For me, cultivating the deepest sense of self-acceptance in the totality of who I am – the unconditional loving presence for myself that I have longed for from others – the fierceness to love and accept myself flaws and all – has been powerful beyond words.  It feels like a gift to have so much more of life to continue living even thought I spent so much of it berating and obsessing, punishing and abusing. Sometimes it takes a crisis of sorts to “snap” one out of it.  Sometimes it takes intensive process and therapy.  Sometimes it takes reminders from those whom have walked the path before you.  Sometimes it’s an inspiring resonant book.  Often it is a combination of it all.  We have the opportunity every single moment of every single day to tap into our resources.  The choice is alive.  Living a fully embodied life is always an option.

There is no perfection here.

No end point.

It is a work in progress and every day there lies infinite opportunities to surrender, soften, love, accept, yield, receive, and accept our beautiful bodies, hearts, and souls.
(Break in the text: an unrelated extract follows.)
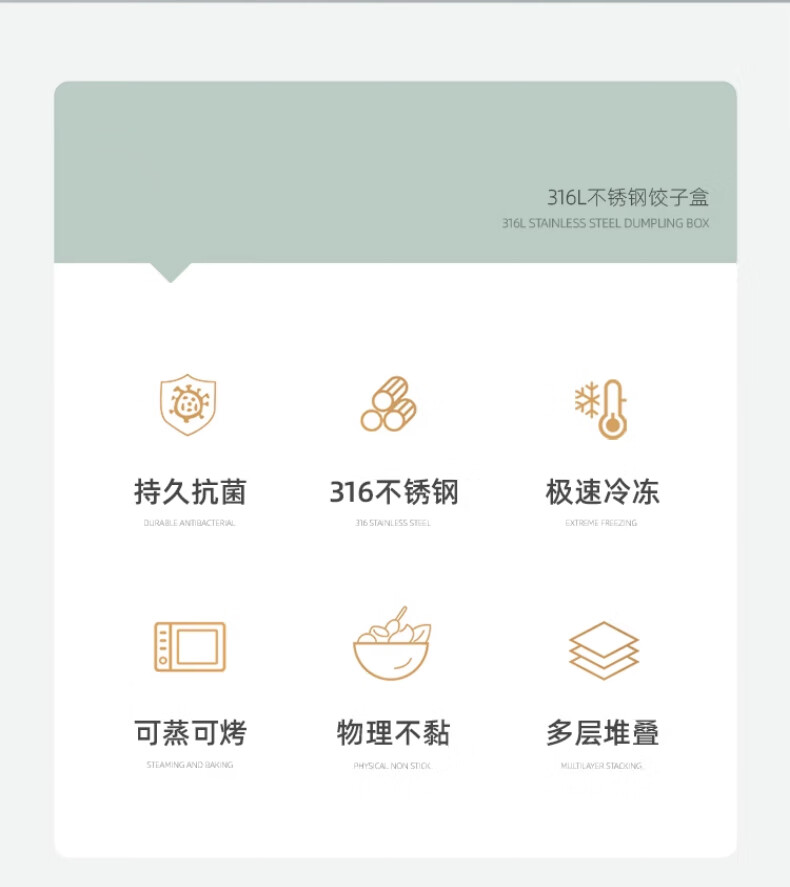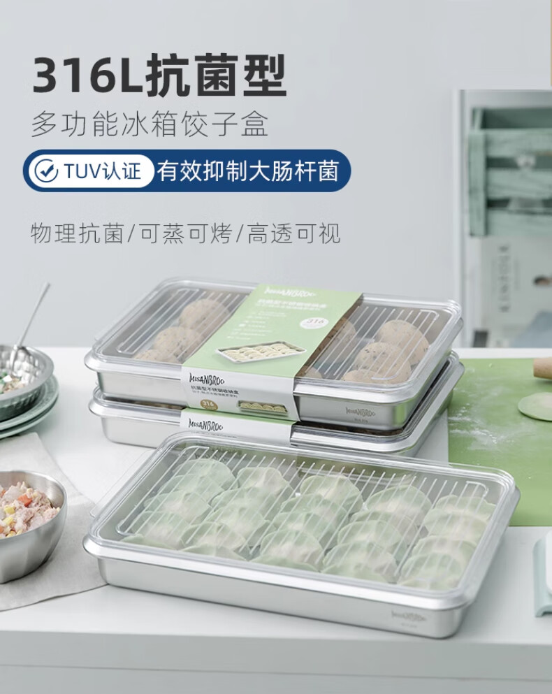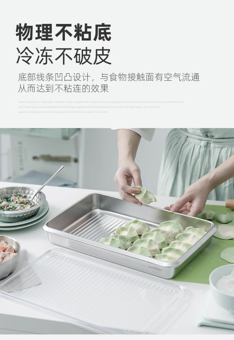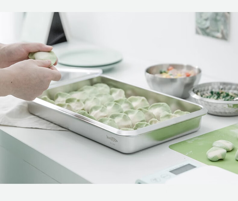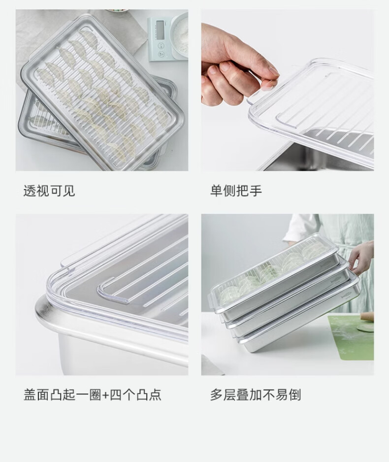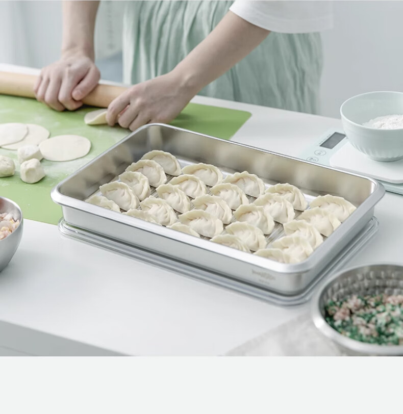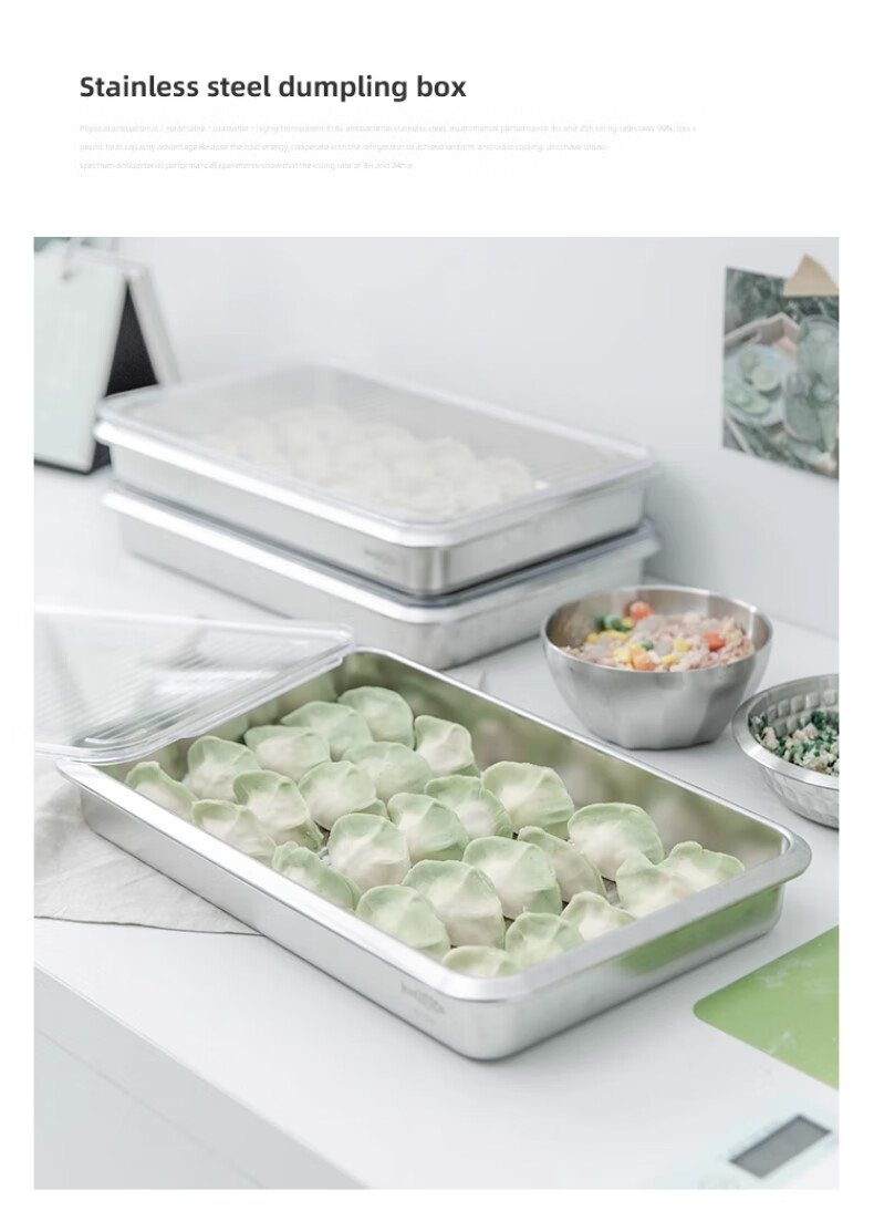 Home KATEI STORY Dumpling Box Food Grade Special Dumpling Freezing Box Stainless Steel Fresh Box Large Frozen Dumpling Box Food Grade Ice Antibacterial 316 Steel - Can be steamed or baked 3L*3 pieces 1 layer

Tuning into the greater flow of love and abundance and keeping our mind chatter out of the equation.

Cultivating daily practices which support this state of being are essential — meditation, yoga or other embodiment practices, mantras, and a commitment to our inherent wellbeing – must take precedence in the busyness of being a human.

When we put our own truth and healing at the forefront of our existence, anything is possible.